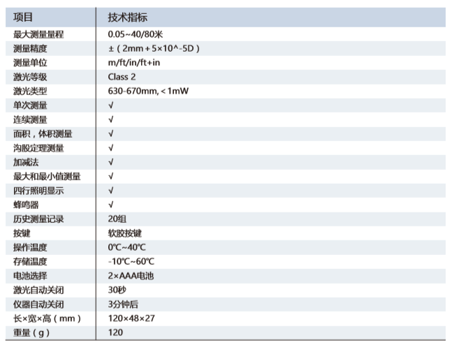具有连续测量、面积测量、体积测量、勾股定理测量、角度测量、自动水平测量、自动垂直测量等多种 测量功能。
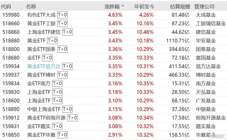 ETF方面,黄金ETF、上海金ETF及金ETF涨幅均超过3%,年内累计涨幅已超10%。
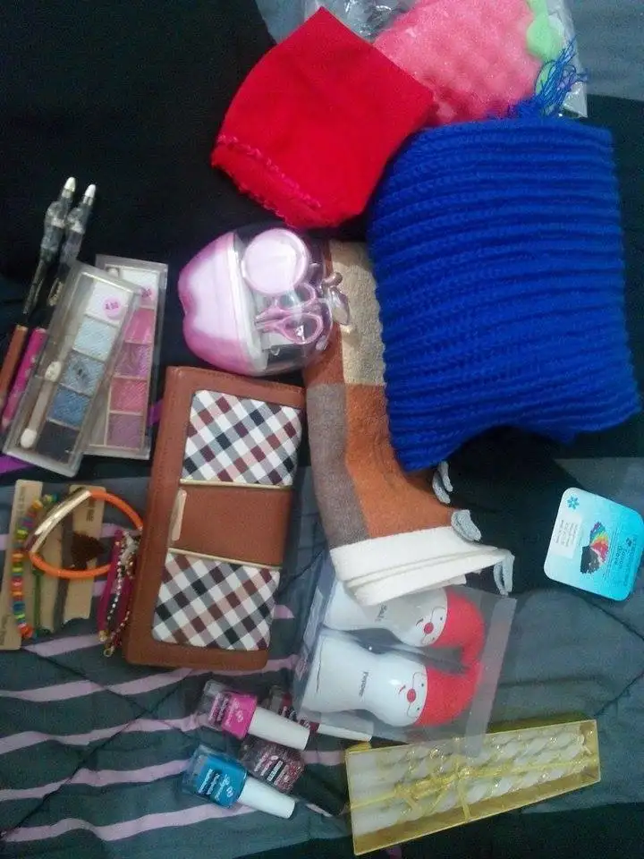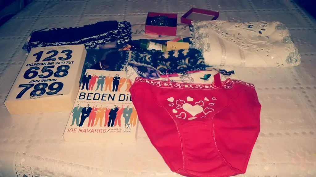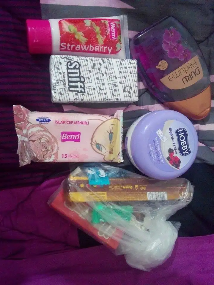 Bunlarda acılmis halleri. Sırayla 2 adet kitap, tulbent, havlu, patik, krem, anahtarlık, cok cici bi ayna, şal, 2 adet ic camasiri, yapiskanli notluklar ve cikolatam
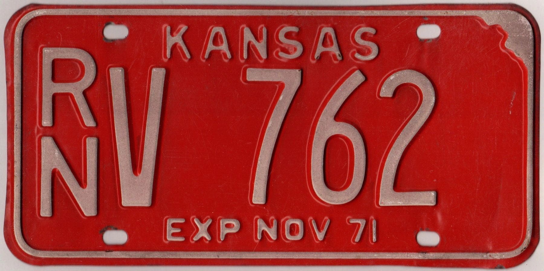 Kansas 1971 car license plate Reno county #RN V-762
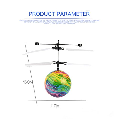 Products Features: Flying Ball Size: 16*5.5*11 (cm) Body Material: ABS Plastic. Suitable for: Ages 8 . charging method:USB Charging Battery: 3.7V 75MAH Lipo battery Charging Time: Approx. 20 minutes Use time: 8 to 10 minutes Sensing distancen:10 meters
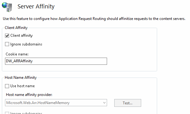 In the Server Affinity window (Figure 8.3) it is important to select Client Affinity. Host Name Affinity will not work with Dynamicweb.

_EXERCISE GOAL:_ Transcribe exactly the lines that run from the first line of the records above through the line with "Kansas 1971 car", and include both of those lines; pictures stay out.

_RESULT FOR THIS EXERCISE:_
具有连续测量、面积测量、体积测量、勾股定理测量、角度测量、自动水平测量、自动垂直测量等多种 测量功能。
 ETF方面,黄金ETF、上海金ETF及金ETF涨幅均超过3%,年内累计涨幅已超10%。
 Bunlarda acılmis halleri. Sırayla 2 adet kitap, tulbent, havlu, patik, krem, anahtarlık, cok cici bi ayna, şal, 2 adet ic camasiri, yapiskanli notluklar ve cikolatam
 Kansas 1971 car license plate Reno county #RN V-762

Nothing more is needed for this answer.